When I left my home country to study on the other side of the globe, everyone kept telling me that I should prepare myself to face the unknown. In a way knowing that I would be entering a whole new world was a form of preparation an sich. Moreover, my school, John Carroll University, took the responsibility to have a seperate orientation week for internationals students only where we would be introduced to all things American. Add to that an one credit class the first semester of college to learn about the American lifestyle and culture to make that culture shock not so bad as anticipated.
As the school year furthered and I had gotten used to the American pace of life, I started to wonder and analyze the life I had lived before in the Old World. I thought about my day-to-day life, my friends, my high school, my family, my part-time job, my fears about growing up and not being able to find myself and I came to the conclusion of how irrelevant it all seemed. The person I had been a year ago seemed like a distant memory, a mere acquaitance of a life once lived. Everything that was once the centre of my universe seemed so utterly pointless, I had grown, learned and finally felt complete all in the time span of a year.
That being said, the anticipation of my return wasn't high.
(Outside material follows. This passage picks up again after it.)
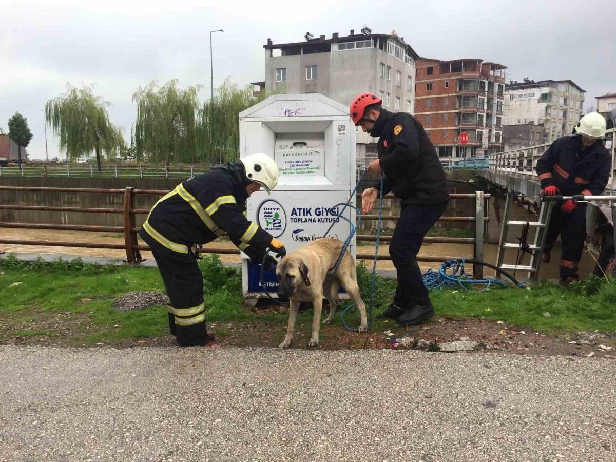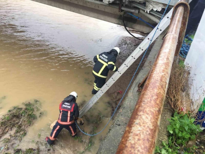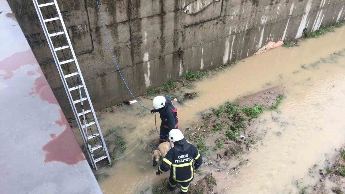 Olay yerine gelen Ordu Büyükşehir Belediyesi Ünye İtfaiye Grup Amirliği ekipleri dere yatağına girerek merdiven yardımıyla ile köpeğin yanına kadar gitti.

How could I leave my new build life only to go back to the old? I had had my spiritual awakening, did I really go through the trouble of the Renaissance only to return to the Dark Ages? I felt dreadful about leaving, but then again, I couldn't stay. Summer break arrived and all my American peers retreated back into their homes, there was nothing left for me but to do the same.
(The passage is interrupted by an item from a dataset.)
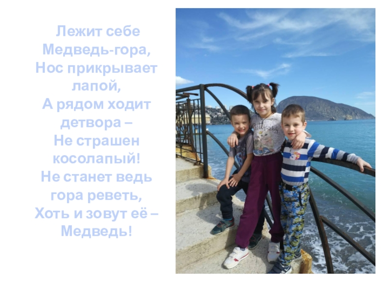 Лежит себе Медведь-гора,Нос прикрывает лапой,А рядом ходит детвора –Не страшен косолапый!Не станет ведь гора реветь,Хоть и зовут

I finished "In a Dark, Dark Wood", a book I bought at the airport with the hope that it would keep my mind of the situation during my plane ride. The situation being that I wasn't looking forward at all to being home for three months and that the premise of the book didn't deliver. My plane landed and I felt numb. One particular question came to mind: What is left for me here?
My parents took me back to our house and I instantly saw how nothing had changed. Or did it? I was so blinded by how much I had changed that I never even considered that home could have changed as well. Yes my life there had been something of the past, but the place itself wasn't. It might not have changed as radically as I have, I mean I did cross an ocean, but that doesn't mean that you can't see the little changes that had taken place in my absence. The difference might not have been as clear at first glance, but it was all around. My younger brother's friends were taller, roads had been renewed, old shops had been replaced by new shops and all my friends had been building new lives at their respective universities as well. Had I been so arrogant in thinking that only I could change?
Going to the U.S. on my own has picked me up, shook me around and changed me to the core. I might have changed fundamentally, but that doesn't mean that nothing else has either. Of course everything I had been through was different, new and exciting, but I came to realize that that was only the case for me and not for Cleveland natives. If they had gone to Amsterdam all those would be applicable to them and they would be bored by the idea of having to go back to Ohio.
Every experience is subjective and by admitting that we can grow as a person but also don't reject everything that we have known our entire lives and has shaped us into the person we have become. It is good to challenge what you already know, but don't forget where you came from.